EXERCISE:
Leave out the pictures and reproduce all of the data exactly.

COLLECTED DATA:
- Opening Delimiter -
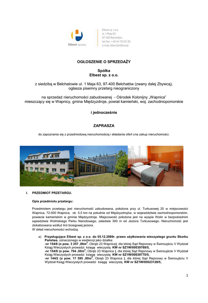 OGŁOSZENIE O SPRZEDAŻY Spółka Elbest sp. z o.o. z siedzibą w Bełchatowie ul. 1 Maja 63, 97-400 Bełchatów (zwany dalej Zbywcą), ogłasza pisemny przetarg nieograniczony na sprzedaż nieruchomości zabudowanej - Ośrodek Kolonijny „Wapnica” mieszczący się w Wapnicy, gmina Międzyzdroje, powiat kamieński, woj. zachodniopomorskie i jednocześnie ZAPRASZA do zapoznania się z przedmiotową nieruchomością i składania ofert cna zakup nieruchomości. I. PRZEDMIOT PRZETARGU. Opis przedmiotu przetargu: Przedmiotem przetargu jest nieruchomość zabudowana, położona przy ul. Turkusowej 20 w miejscowości Wapnica, 72-500 Wapnica, ok. 5,5 km na południe od Międzyzdrojów, w województwie zachodniopomorskim, powiecie kamieńskim w gminie Międzyzdroje. Miejscowość położona jest na wyspie Wolin w bezpośrednim sąsiedztwie Wolińskiego Parku Narodowego, zaledwie 300 m od Jeziora Turkusowego. Nieruchomość jest zlokalizowana wzdłuż linii brzegowej jeziora. W skład nieruchomości wchodzą: a) Przysługujące Elbest sp. z o.o. do 05.12.2089r. prawo użytkowania wieczystego gruntu Skarbu Państwa, oznaczonego w ewidencji jako działka: 2 -nr 154/8 (o pow. 3 257 ,00m , Obręb 23 Wapnica), dla której Sąd Rejonowy w Świnoujściu V Wydział Ksiąg Wieczystych prowadzi księgę wieczystą KW nr SZ1W/00039769/5, 2 -nr 154/9 (o pow. 704 ,00m , Obręb 23 Wapnica ), dla której Sąd Rejonowy w Świnoujście V Wydział Ksiąg Wieczystych prowadzi księgę wieczystą KW nr SZ1W/00039770/5, 2 -nr 144/2 (o pow. 17 595 ,00m , Obręb 23 Wapnica ), dla której Sąd Rejonowy w Świnoujściu V Wydział Ksiąg Wieczystych prowadzi księgę wieczystą KW nr SZ1W/00023128/5, 1 b) prawo własności budynku kolonijnego. Budynek kolonijny o powierzchni 941,45 m² wykonany jest w technologii tradycyjnej, fundamenty żelbetonowe. Stolarka okienna i drzwiowa typowa, ściany zewnętrzne piwnic – betonowe, o grubości 40 cm, nadziemia- z cegły ceramicznej pełnej i siporeksu o grubości 38 cm. c) prawo własności domu mieszkalnego. Dom, o powierzchni 228,90 m² wybudowany w technologii tradycyjnej o fundamentach żelbetonowych. Stolarka okienna i drzwiowa nietypowa. Ściany z cegły ceramicznej pełnej o grubości 51-38 cm. Dom mieszkalny połączony jest z budynkiem kolonijnym pomieszczeniem stołówki. W budynku kolonijnym znajdują się 104 miejsca noclegowe. Na terenie ośrodka znajduje się boisko do piłki nożnej oraz plac zabaw. Teren ośrodka jest częściowo zalesiony. Otoczenie nieruchomości stanowią tereny leśne, zbiorniki wodne oraz zabudowania. Bezpośredni dostęp do nieruchomości zapewniony jest przez drogę asfaltową, łączącą się w odległości ok. 4,5 km w kierunku wschodnim z drogą krajową nr 3, prowadzącą ze Szczecina do Świnoujścia. Ze względu na brak ogrzewania ośrodek funkcjonuje sezonowo tj. tylko w okresie letnim. Do dyspozycji gości znajduje się około 20 miejsc parkingowych. Wykaz wyposażenia udostępniony zostanie na pisemny wniosek Oferenta. Przeznaczenie w planie zagospodarowania przestrzennego. Dla nieruchomości objętej przetargiem nie obowiązuje plan zagospodarowania przestrzennego określający funkcję tego obszaru. Zgodnie z zapisami Studium Uwarunkowań i Kierunków Zagospodarowania Przestrzennego Gminy Międzyzdroje (Uchwała Nr LV/573/10 Rady Miejskiej w Międzyzdrojach z dnia 29 czerwca 2010 roku) przedmiotowa nieruchomość zlokalizowana jest na terenie oznaczonym na rysunku Studium symbolem „M” opisanym jako tereny o funkcji zabudowy mieszkaniowej jedno i wielorodzinnej oraz symbolem „UT” opisanym jako tereny o funkcji usługowej turystyki (pensjonaty, motele, ośrodki wypoczynkowe). Udział poszczególnych użytków w ogólnej powierzchni działek Lp. Nr działki Opis użytku Oznaczenie użytków Pow. użytku [ha] Pow. działki [ha] 1. 154/8 Inne tereny zabudowane 0.3257 0.3257 2. 154/9 144/2 0.0704 1.4923 0.0189 0.2483 2.1556 0.0704 3. Tereny mieszkaniowe Grunty rolne Inne tereny zabudowane Grunty zadrzewione Bi B RV Bi Lz RAZEM: 1.7595 2.1556 Ciężary i ograniczenia dotyczące nieruchomości: a) Nieruchomość jest dzierżawiona. Umowa dzierżawy zostanie rozwiązania i rozliczona przed zawarciem umowy przenoszącej własność Nieruchomości. b) Dzierżawcy przysługuje prawo pierwokupu. Nieruchomość jest wolna od obciążeń hipotecznych. II. CENA WYWOŁAWCZA NIERUCHOMOŚCI: Cena wywoławcza netto wynosi: 742.913,00 zł 2 Sprzedaż nieruchomości podlega opodatkowaniu podatkiem VAT wg. stawki właściwej dla przedmiotu transakcji. Oferowana cena zakupu netto nie powinna być niższa aniżeli cena wywoławcza. III. Warunkiem uczestnictwa w przetargu jest złożenie oferty zgodnie z „ Regulaminem sprzedaży nieruchomości „ELBEST” sp. z o.o.” ( załącznik nr 1 – wzór oferty), który dostępny jest na stronie internetowej www.elbest.pl Pisemne oferty w języku polskim należy składać w sekretariacie Elbest sp. z o.o., ul. 1 Maja 63 97-400 Bełchatów, w zabezpieczonych kopertach opatrzonych nazwą: >> sprzedaż nieruchomości: Ośrodek Kolonijny Wapnica << w nieprzekraczalnym terminie do dnia 29.04.2016r. godz. 11.00, decyduje data wpływu. Oferty zostaną otwarte dnia 29.04.2016r. o godz. 13.00 w siedzibie Spółki, przez Komisję Przetargową na posiedzeniu niejawnym. Termin związania ofertą wynosi 180 dni. IV. Za najkorzystniejszą ofertę zostanie uznana oferta zawierająca najwyższą cenę nabycia nieruchomości. Warunkiem zawarcia umowy przenoszącej prawo użytkowania wieczystego gruntu wraz z prawem własności budynków jest zatwierdzenie wyników przetargu przez Zarząd Spółki , uzyskanie wymaganej Umową Spółki zgody na transakcję odpowiednio Rady Nadzorczej lub Zgromadzenia Wspólników oraz nieskorzystanie przez Dzierżawcę z prawa pierwokupu. Uczestnik przetargu, wybrany jako nabywca nieruchomości zostanie zawiadomiony na piśmie o terminie i miejscu zawarcia umowy sprzedaży. Nabywca
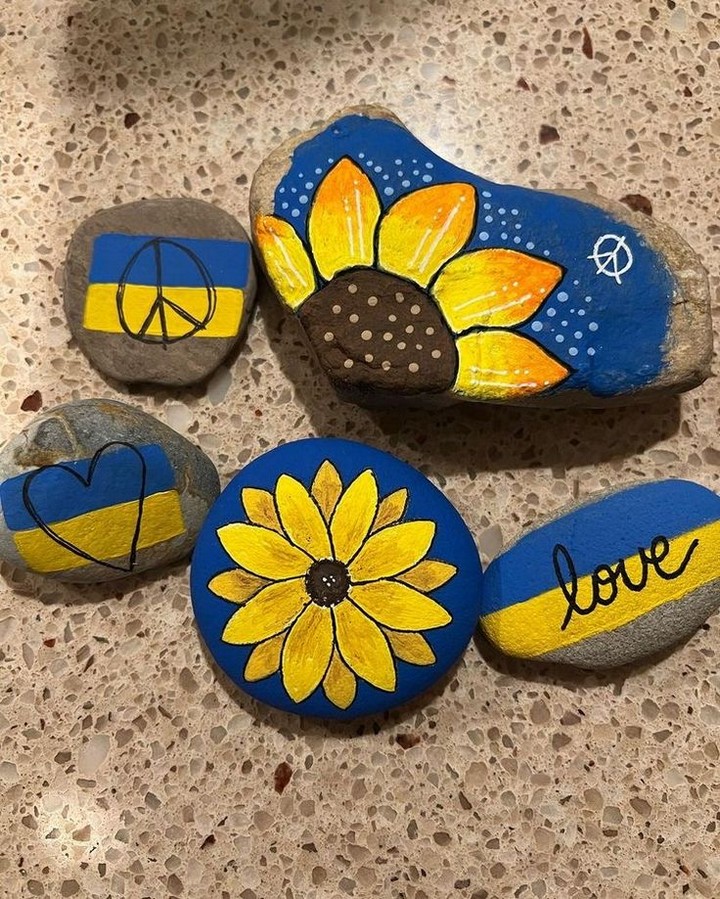 Find a heart-shaped rock and paint a sunflower that fills the entire surface, with petals extending to the edges for a romantic vibe.
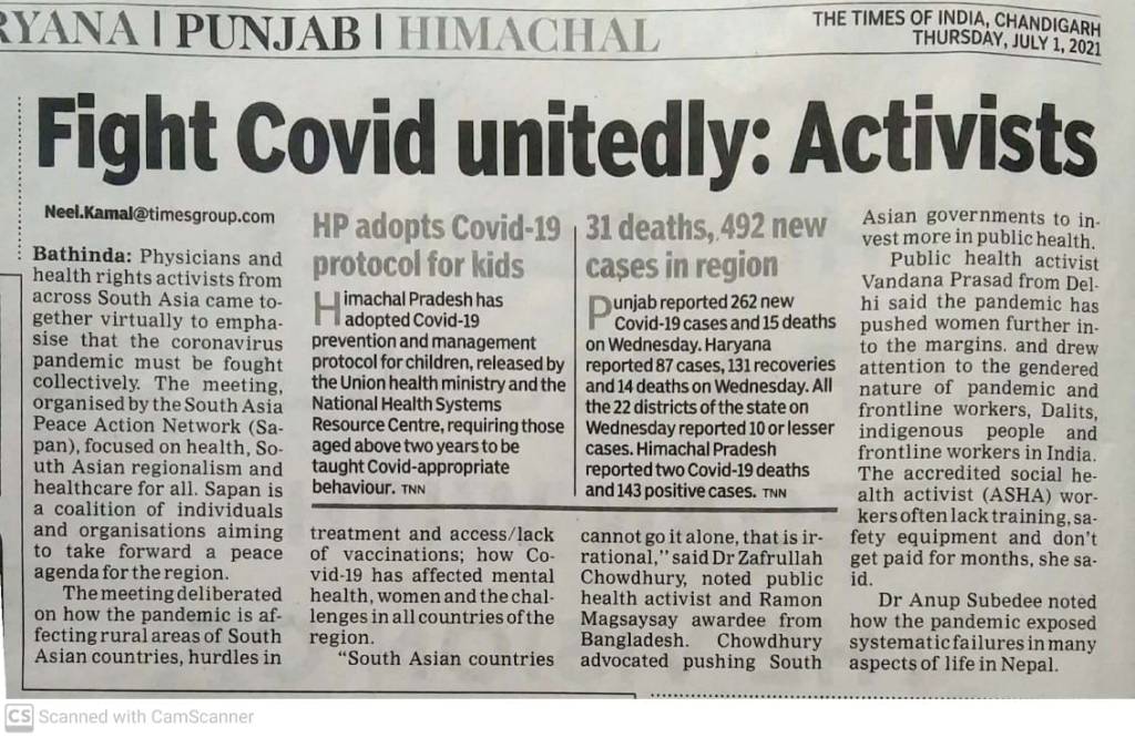 The South Asia Peace Action Network webinar Neighbours in Peace and Health, June 27, 2021, was the third in the SAPAN series: Imagine! Neighbours in Peace, a title borrowed from an unpublished Chowk.com volume, 2005
- Closing Delimiter -
OUTPUT OF THE TASK:
 OGŁOSZENIE O SPRZEDAŻY Spółka Elbest sp. z o.o. z siedzibą w Bełchatowie ul. 1 Maja 63, 97-400 Bełchatów (zwany dalej Zbywcą), ogłasza pisemny przetarg nieograniczony na sprzedaż nieruchomości zabudowanej - Ośrodek Kolonijny „Wapnica” mieszczący się w Wapnicy, gmina Międzyzdroje, powiat kamieński, woj. zachodniopomorskie i jednocześnie ZAPRASZA do zapoznania się z przedmiotową nieruchomością i składania ofert cna zakup nieruchomości. I. PRZEDMIOT PRZETARGU. Opis przedmiotu przetargu: Przedmiotem przetargu jest nieruchomość zabudowana, położona przy ul. Turkusowej 20 w miejscowości Wapnica, 72-500 Wapnica, ok. 5,5 km na południe od Międzyzdrojów, w województwie zachodniopomorskim, powiecie kamieńskim w gminie Międzyzdroje. Miejscowość położona jest na wyspie Wolin w bezpośrednim sąsiedztwie Wolińskiego Parku Narodowego, zaledwie 300 m od Jeziora Turkusowego. Nieruchomość jest zlokalizowana wzdłuż linii brzegowej jeziora. W skład nieruchomości wchodzą: a) Przysługujące Elbest sp. z o.o. do 05.12.2089r. prawo użytkowania wieczystego gruntu Skarbu Państwa, oznaczonego w ewidencji jako działka: 2 -nr 154/8 (o pow. 3 257 ,00m , Obręb 23 Wapnica), dla której Sąd Rejonowy w Świnoujściu V Wydział Ksiąg Wieczystych prowadzi księgę wieczystą KW nr SZ1W/00039769/5, 2 -nr 154/9 (o pow. 704 ,00m , Obręb 23 Wapnica ), dla której Sąd Rejonowy w Świnoujście V Wydział Ksiąg Wieczystych prowadzi księgę wieczystą KW nr SZ1W/00039770/5, 2 -nr 144/2 (o pow. 17 595 ,00m , Obręb 23 Wapnica ), dla której Sąd Rejonowy w Świnoujściu V Wydział Ksiąg Wieczystych prowadzi księgę wieczystą KW nr SZ1W/00023128/5, 1 b) prawo własności budynku kolonijnego. Budynek kolonijny o powierzchni 941,45 m² wykonany jest w technologii tradycyjnej, fundamenty żelbetonowe. Stolarka okienna i drzwiowa typowa, ściany zewnętrzne piwnic – betonowe, o grubości 40 cm, nadziemia- z cegły ceramicznej pełnej i siporeksu o grubości 38 cm. c) prawo własności domu mieszkalnego. Dom, o powierzchni 228,90 m² wybudowany w technologii tradycyjnej o fundamentach żelbetonowych. Stolarka okienna i drzwiowa nietypowa. Ściany z cegły ceramicznej pełnej o grubości 51-38 cm. Dom mieszkalny połączony jest z budynkiem kolonijnym pomieszczeniem stołówki. W budynku kolonijnym znajdują się 104 miejsca noclegowe. Na terenie ośrodka znajduje się boisko do piłki nożnej oraz plac zabaw. Teren ośrodka jest częściowo zalesiony. Otoczenie nieruchomości stanowią tereny leśne, zbiorniki wodne oraz zabudowania. Bezpośredni dostęp do nieruchomości zapewniony jest przez drogę asfaltową, łączącą się w odległości ok. 4,5 km w kierunku wschodnim z drogą krajową nr 3, prowadzącą ze Szczecina do Świnoujścia. Ze względu na brak ogrzewania ośrodek funkcjonuje sezonowo tj. tylko w okresie letnim. Do dyspozycji gości znajduje się około 20 miejsc parkingowych. Wykaz wyposażenia udostępniony zostanie na pisemny wniosek Oferenta. Przeznaczenie w planie zagospodarowania przestrzennego. Dla nieruchomości objętej przetargiem nie obowiązuje plan zagospodarowania przestrzennego określający funkcję tego obszaru. Zgodnie z zapisami Studium Uwarunkowań i Kierunków Zagospodarowania Przestrzennego Gminy Międzyzdroje (Uchwała Nr LV/573/10 Rady Miejskiej w Międzyzdrojach z dnia 29 czerwca 2010 roku) przedmiotowa nieruchomość zlokalizowana jest na terenie oznaczonym na rysunku Studium symbolem „M” opisanym jako tereny o funkcji zabudowy mieszkaniowej jedno i wielorodzinnej oraz symbolem „UT” opisanym jako tereny o funkcji usługowej turystyki (pensjonaty, motele, ośrodki wypoczynkowe). Udział poszczególnych użytków w ogólnej powierzchni działek Lp. Nr działki Opis użytku Oznaczenie użytków Pow. użytku [ha] Pow. działki [ha] 1. 154/8 Inne tereny zabudowane 0.3257 0.3257 2. 154/9 144/2 0.0704 1.4923 0.0189 0.2483 2.1556 0.0704 3. Tereny mieszkaniowe Grunty rolne Inne tereny zabudowane Grunty zadrzewione Bi B RV Bi Lz RAZEM: 1.7595 2.1556 Ciężary i ograniczenia dotyczące nieruchomości: a) Nieruchomość jest dzierżawiona. Umowa dzierżawy zostanie rozwiązania i rozliczona przed zawarciem umowy przenoszącej własność Nieruchomości. b) Dzierżawcy przysługuje prawo pierwokupu. Nieruchomość jest wolna od obciążeń hipotecznych. II. CENA WYWOŁAWCZA NIERUCHOMOŚCI: Cena wywoławcza netto wynosi: 742.913,00 zł 2 Sprzedaż nieruchomości podlega opodatkowaniu podatkiem VAT wg. stawki właściwej dla przedmiotu transakcji. Oferowana cena zakupu netto nie powinna być niższa aniżeli cena wywoławcza. III. Warunkiem uczestnictwa w przetargu jest złożenie oferty zgodnie z „ Regulaminem sprzedaży nieruchomości „ELBEST” sp. z o.o.” ( załącznik nr 1 – wzór oferty), który dostępny jest na stronie internetowej www.elbest.pl Pisemne oferty w języku polskim należy składać w sekretariacie Elbest sp. z o.o., ul. 1 Maja 63 97-400 Bełchatów, w zabezpieczonych kopertach opatrzonych nazwą: >> sprzedaż nieruchomości: Ośrodek Kolonijny Wapnica << w nieprzekraczalnym terminie do dnia 29.04.2016r. godz. 11.00, decyduje data wpływu. Oferty zostaną otwarte dnia 29.04.2016r. o godz. 13.00 w siedzibie Spółki, przez Komisję Przetargową na posiedzeniu niejawnym. Termin związania ofertą wynosi 180 dni. IV. Za najkorzystniejszą ofertę zostanie uznana oferta zawierająca najwyższą cenę nabycia nieruchomości. Warunkiem zawarcia umowy przenoszącej prawo użytkowania wieczystego gruntu wraz z prawem własności budynków jest zatwierdzenie wyników przetargu przez Zarząd Spółki , uzyskanie wymaganej Umową Spółki zgody na transakcję odpowiednio Rady Nadzorczej lub Zgromadzenia Wspólników oraz nieskorzystanie przez Dzierżawcę z prawa pierwokupu. Uczestnik przetargu, wybrany jako nabywca nieruchomości zostanie zawiadomiony na piśmie o terminie i miejscu zawarcia umowy sprzedaży. Nabywca
 Find a heart-shaped rock and paint a sunflower that fills the entire surface, with petals extending to the edges for a romantic vibe.
 The South Asia Peace Action Network webinar Neighbours in Peace and Health, June 27, 2021, was the third in the SAPAN series: Imagine! Neighbours in Peace, a title borrowed from an unpublished Chowk.com volume, 2005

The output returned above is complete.